Curiously, the she-soldiers seemed to have aroused the least disapproval in the male. The Calvinist Lady Ann Cunningham was a formidable warrior for Scotland, riding at the head of a troop of horses with a case of pistols attached to her saddle and daggers at her girdle. It was the "learned woman" that terrified both the learned and unlearned men around her. The prevailing opinion, according to the 17th century writer Hannah Woolley, found that a woman was "learned ... enough if she can distinguish her Husband's bed from another's."

For a man, education was a prized experience. For a woman, it was frowned upon as "the drug called learning." How could a woman be "modest" if she knew too much? Above all, education increased a woman's vocabulary, and one thing a 17th century man could not abide was a talking woman, whether the speech came salty and profane from the fishwives of Billingsgate or gentle and saintly from Quaker women testifiers, "prattlers" for Christ.

What a ruckus the women raised, despite the ideal of demure silence! In 1643, in the midst of civil war, as many as 6,000 women marched on Parliament "to cry for Peace, which was to the women a pleasing thing." Off and on throughout the century, dairymaids would form an "Amazonian" mob to protest against enclosure of the land where their cattle grazed. The militants armed themselves with scythes and pitchforks, and on one occasion threatened to burn the houses, drown the servants and cut off the head of one of their oppressors, a certain Captain Thomas Lovell. "It was only the intervention of 'a gentlewoman' who happened to be passing," reports Lady Antonia, "which dissuaded the women from their violent course, otherwise they would have done the captain 'some great mischief.'"

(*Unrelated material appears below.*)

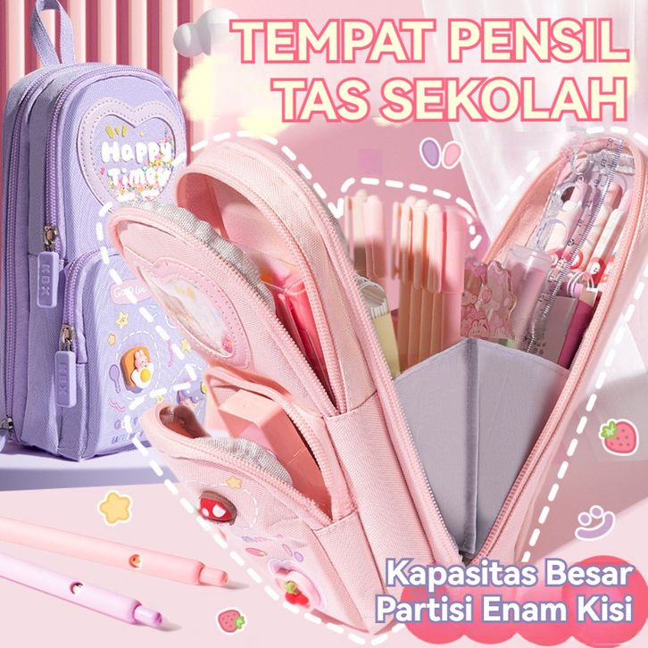 Kotak Pensil Anak Tempat Pensil Kotak 3D Anak Perempuan Lucu Besar/ Kotak Pensil Kanvas 6 Ruw4ng/Kotak Pensil Anak Seko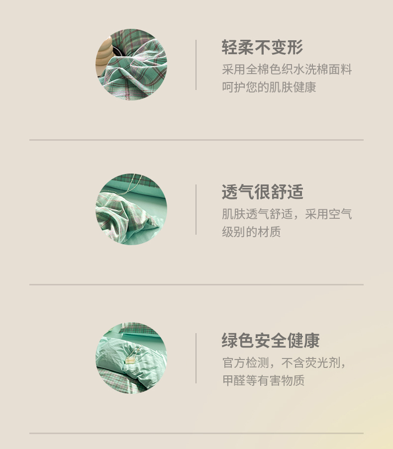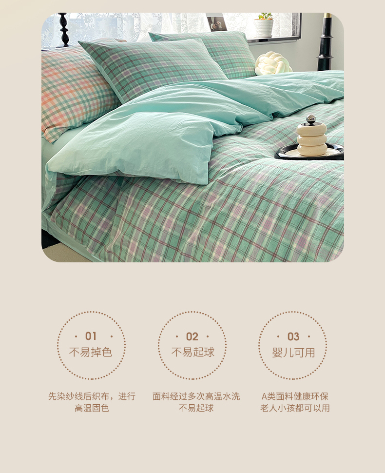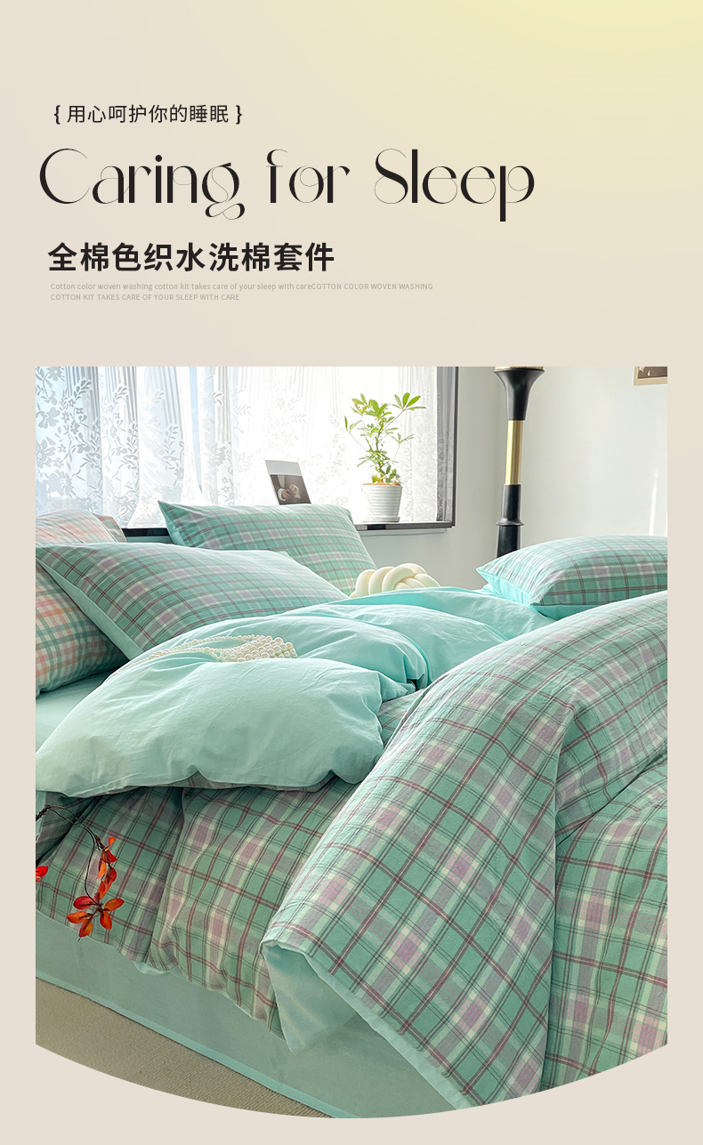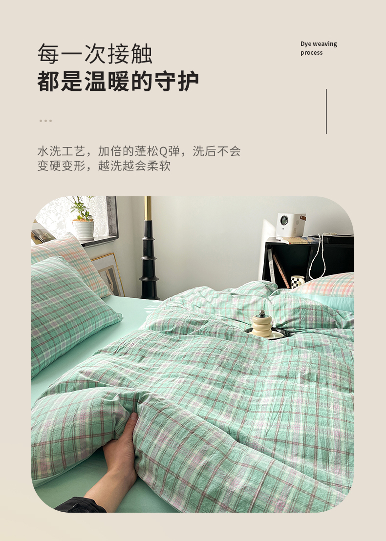当前位置: 91家纺网 > 商品网购 > 床品套件 > 四件套 > 全棉普通四件套 > 春皖家纺 2026新款色织AB版水洗棉三件套四件套单品系列(四件套风格一) 素雅-情调

By articulateness, by immodesty, by fighting the stereotype, the bolder women circumvented their destiny. Actress Nell Gwynn moved up from selling oranges in the stalls to take advantage of the warrant of 1660 that allowed Englishwomen for the first time to play themselves onstage. She then advanced herself further by bearing a child to Charles II. This son of the orange wench was created a duke. A whore's life, Fraser is led to conclude, may be misspent without being necessarily wasted.

Margaret Poulteney, .a young widow secure in her handsome inheritance, spoke for others in her situation as well as herself when she voiced the ultimate declaration of independence: "None in the world can call me to account for my actions." But even the strongest women tended to preface their shows of strength by confessing themselves the "weaker vessel." Perpetual acknowledgment of her own fragility, Fraser writes ruefully, "was one way . . . in which a clever woman could avoid disapproval."

The exceptional woman was forced to assert herself against all the odds. Annual pregnancy was the general rule; contraceptives were not widely introduced until the 18th century. Until then, couples relied on recipes -marjoram, "thyme, parsley, the juice of the herb savin -that did little good. A study of aristocratic women suggests that 45% died before 50, one-quarter of those in childbirth. If perpetual pregnancy did not do a woman in, smallpox well might. Life expectancy was 35. If a 17th century woman should survive to old age, she was in danger of being taken for a witch. In a 1648 treatise, John Stearne explained witchcraft as a woman's game on the ground that females are more "revengeful" than men because of Satan's "prevailing with Eve." Such reasoning ensured that any rise in the standing of women could only be partial and restricted.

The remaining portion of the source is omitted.